Expansion and contraction constitute the essential pulse of all natural life. The alternation between them represents a basic biological rhythm. In Max Cole’s work it is apparent that the link with nature goes far deeper than the one initially suggested by the parallels (!) between her painting and the topography of the region where she grew up. Nature inhabits Cole’s work not merely as a reminiscence of an American landscape or as the expression of an ethical stance. Nature is part and parcel of their very texture. The act of painting adopts the principle of nature. The perseveringly minute inscription of vertical lines mirrors the regularity and continuity of natural growth processes. And their occasional variations in density, the minute differences in the intensity of the coloring, all these flickering fluctuations not only recall the organic roots of these paintings, they also constitute the dimension of conscious artistic control. In its ongoing repetition of the same, sparing gesture, the artist’s work on the picture gradually elides into meditative absorption, self-oblivion; during the painting process the same un-meaning space unfolds which the completed work invites the beholder to venture out into.
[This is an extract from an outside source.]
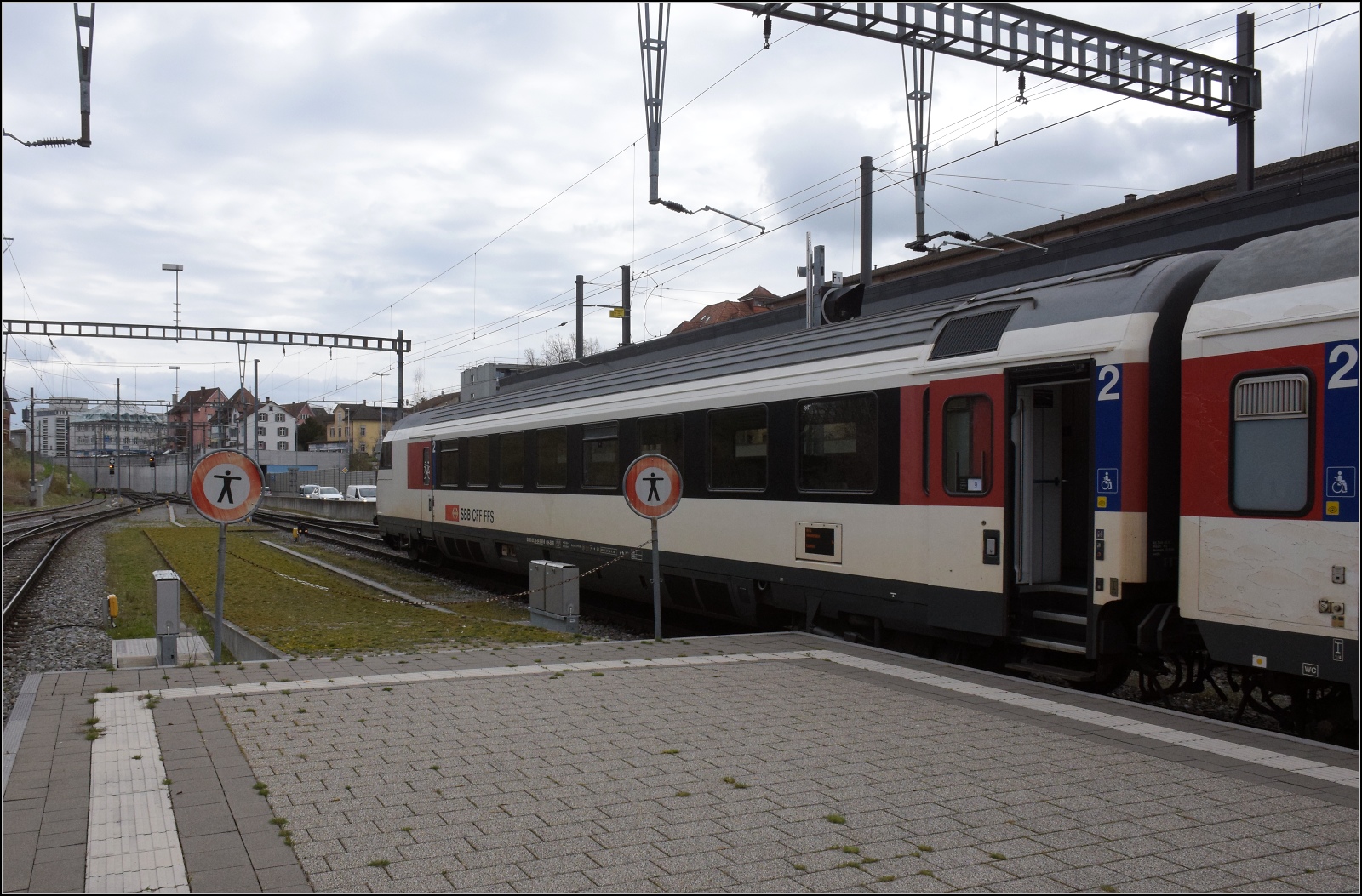 In Kreuzlingen steht der Steuerwagen von Re 460 100 nicht am Bahnsteig, offenbar eine kleinere Streikfolge, dazu vom anderen Ende des Zuges die vermutliche Erklärung. März 2023. Olli
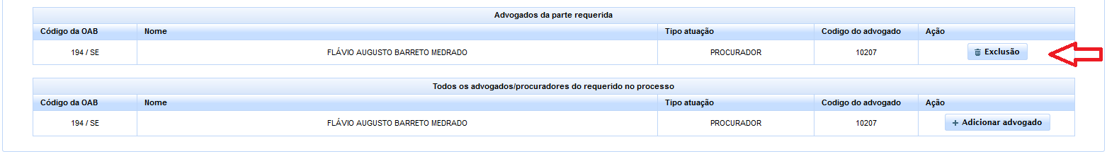 Obs.: Uma vez adicionado, poderá ser o advogado posteriormente excluído clicando-se no botão

The picture becomes a catalyst for the communicative exchange between the visual offering and the self. This process again is consummated in the inverse duality of introjection and retrieval. From each beholder’s subjective predisposition, incompletely defined ideas or interpretative patterns are projected onto the picture, taking up and retrieving in return the messages enshrined within it. And it is here that we reencounter the ethical heritage of the native Americans. Expressing one’s respect for others by keeping them from having to say no can only succeed if we activate all our sensibilities, putting out our finest feelers to create a balance between our own behavior and the feedback we receive from others.

 

-Michael Hübl

 

NOTES:

(1)  Interview with Max Cole, 19 May 2001.

(2)  cf. Maddalena Magni, Laura Mattioli Rossi, Enamuela Poletti: Dialogue with Max Cole. In: Max Cole, Milan 2000, pp. 8-16 (here 8).